Born and raised in the Washington Park neighborhood, Leaner was one of the few Black members of the group, which used code names and various fronts — including Leaner’s own home — to provide safe abortions.
Leaner’s family worried she had joined a “white woman’s movement.”
“I wasn’t sure whether I wanted to do anything with [the Jane Collective] or not because of my parents,” said Leaner recently, speaking from the Uptown assisted living facility where she now lives. “My mother thought that it meant that I wanted to be white. She didn’t understand, but she also didn’t stop me from doing what I did or going in the direction that I went. I wanted to be around white people because I wanted to be involved in making a difference in the world.”
The 50th anniversary of the Supreme Court abortion case Roe v. Wade has put a fresh spotlight on abortion access and the risks some women took to provide services prior to the ruling. An HBO documentary released last year tells the story of the “Janes,” who were arrested and charged with several counts of abortion and conspiracy to commit abortion in 1972. Though they faced up to 110 years in prison, the charges were dropped when Roe v. Wade made abortions legal just one year later.
But the racial dynamics of the movement have not been fully explored. At 80 years of age, Leaner — who has been involved in civil rights initiatives almost her entire life — reflected recently on the magnitude of her work in an interview with WBEZ.
Black feminism is inherently complex because of how race and gender intersect, often pressuring Black women to choose between one or the other. Even though Leaner understood the urgency to advocate for racial equality in the 1960s and ‘70s, she also recognized that misogyny often permeated those movements.

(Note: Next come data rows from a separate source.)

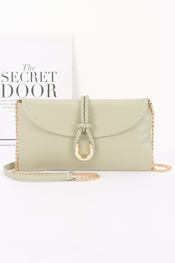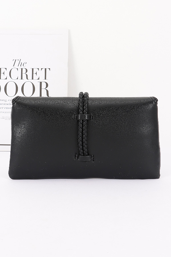 - * This Vegan Leather Envelope Clutch Bag from H&D Accessories features an envelope - style design with a braided knot detail and a gold - toned accent. It has a chic and versatile appearance, giving off an elegant and modern vibe.Ideal for pairing with evening dresses or tailored suits at weddings, galas, or business dinners, adding a touch of sophistication.
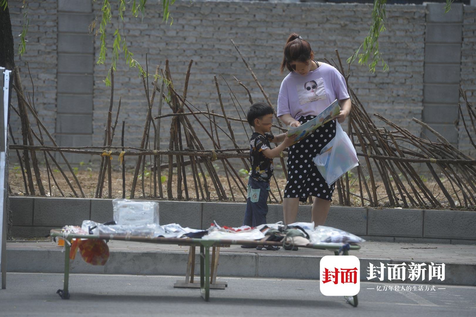 现在跳跳每天7点过就要起床,跟着妈妈去送姐姐读书,接着和妈妈一起去摆地摊。妈妈卖的是一些内衣、袜子等小东西,地摊一旁摆放着跳跳最爱的奥特曼、玩具车。“他也烦了,有时候不乐意一起出摊,要闹。”妈妈不得不一边应付着生意,一边陪儿子玩着。
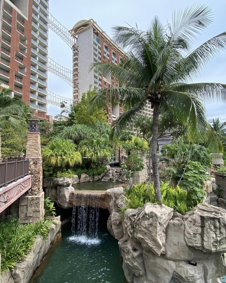 Здесь очень много зелени, подвесные мосты - настоящий «затерянный мир». Бассейн поделен на зоны: есть отделение доя самых маленьких детей, для детей постарше и для взрослых. Самое глубокое место в бассейне почти 4 м, но нырять запрещено.
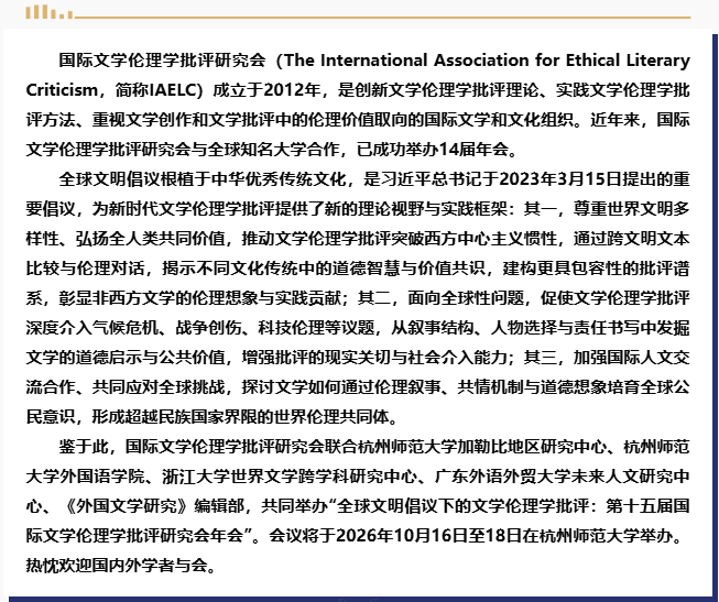 - 会议通知 || 全球文明倡议下的文学伦理学批评:
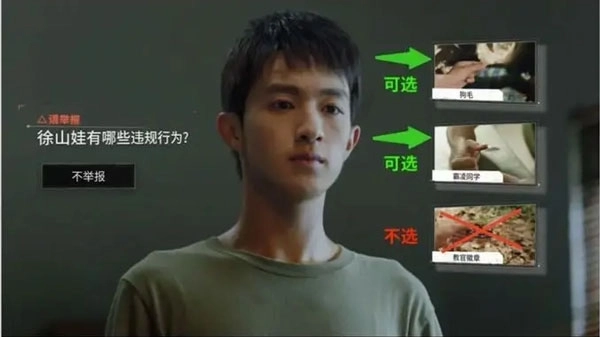 在提交针对徐山娃的举报调查结果时,请勿将“教官徽章”这一关键证据纳入其中。
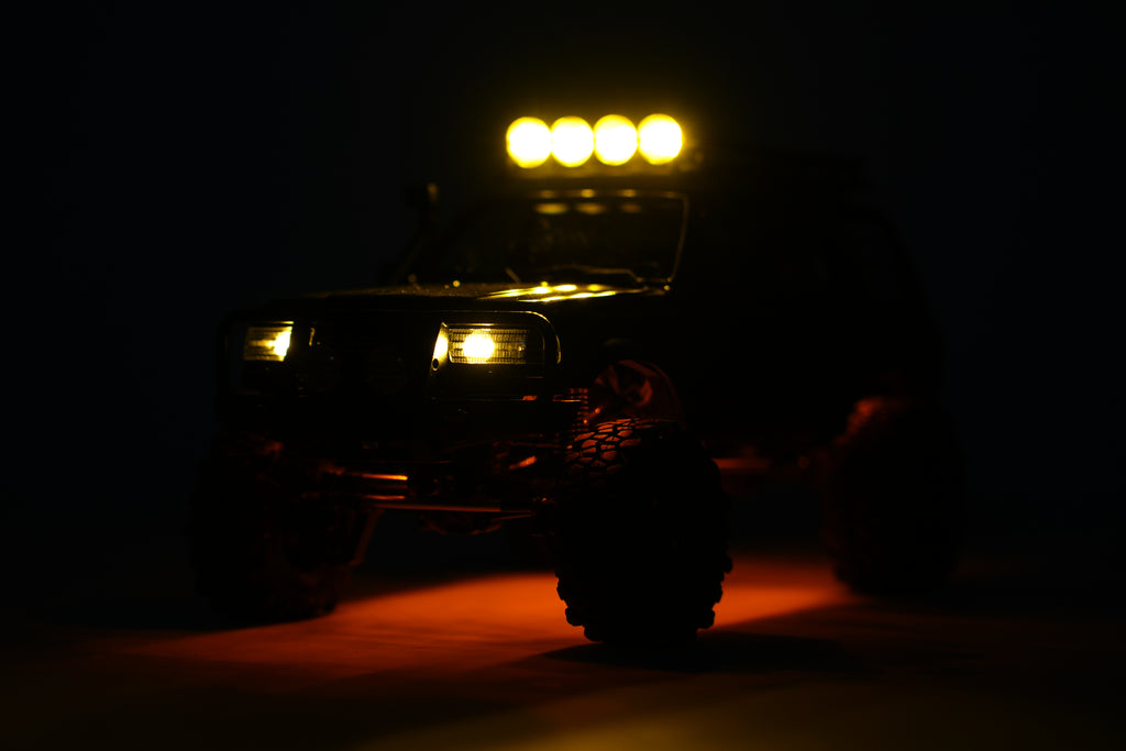 Based on the legendary LC80 Land Cruiser platform, this mini crawler is ready to travel the trails with a bright glow, chilling detail, and a power system that’s pure dark magic. Whether you’re exploring rocky hills or carving up moonlit trails, the Nightcrawler delivers the perfect mix of fun and fine-tuned performance.

An activist and paralegal, Leaner said she was motivated to become a “Jane” through her work at Chicago’s Department of Children and Family Services and her membership in the Chicago Women’s Liberation Union, which would eventually sponsor the collective.
“Around that time, there were all these little Black boys getting shot up in the alley in, on the West Side, in North Lawndale … winding up with their bodies strewn in alleyways, my God — and girls were getting pregnant. We’re talking 11-, 12-, 13- and 14-year-olds,” she stoically recalled.
She decided she would join because, she says today, “it was the only organization I knew that was doing anything on behalf of women in this city. And it was a hard choice ‘cause [the Janes] were all white.”